Rumah Makan Podjok Braga Pasar Kembang di Jalan Braga menawarkan masakan Pasundan dan Jawa Timur.  Ada juga Warung Djadjan berlokasi di Jalan Bahureksa/72 menjual pecel, gado-gado, rujak slada, nasi soto, gule kambing, nasi rames dan cendol. Setiap Rabu dan Minggu rumah makan ini menyajikan lontong ayam, Senin-Kamis Nasi Kuning. Inovasi bisnis kuliner ini ialah menawarkan menu Soto Mi Babat setiap Selasa- Jumat.  Menu ini menarik karena biasanya Soto Mi menggunakan daging atau kikil.  Soto Mi lebih banyak ditemukan di Bogor daripada Bandung.

Rumah Makan Palace milik Liong Gin Kie di Jalan Karang Setra/25. Rumah Makan Minang di Jalan Lombok IIB di depan Stadion Siliwangi. Nasi Tim Ayam Yongkie di Jalan Gardujati 55.  Selain restoran yang sudah ada seperti Ambasador di Jalan Dalem Kaum 52.  
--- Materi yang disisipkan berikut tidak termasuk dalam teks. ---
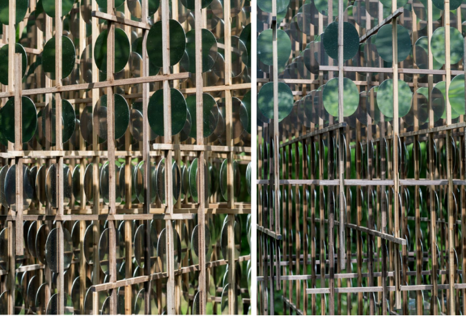 光線通過裝置反射形成巨大的發(fā)光體,引發(fā)了混亂的數(shù)字化效果。然而恰恰相反,該裝置的內(nèi)部構(gòu)件僅僅在有限的范圍內(nèi)進(jìn)行反射,既與周圍的環(huán)境相對又與它們密切相關(guān)。

Tempat shopping masih didominasi Toko Kota Tujuh di kawasan Asia Afrika, Au Bon Marche di Jalan Braga nomor 3, Lilian Store, Hanssarm di Pasar Baru, Maison Metro di Jalan Braga 63.   Ketika di Bandung terjadi kenaikan "krisis tekstil"pada Februari dan Maret , sebagian besar toko-toko ini termasuk di antara 66 toko yang ditunjuk untuk menjual tekstil injeksi dari pemerintah.

Bandung menjadi salah satu tempat favorit wisatawan asing yang berkunjung ke Indonesia.  Pada Maret 1961 sebanyak 27 turis asal Swedia berkeliling Bandung sebelum melanjutkan perjalanan ke Jawa Tengah dan Jawa Timur.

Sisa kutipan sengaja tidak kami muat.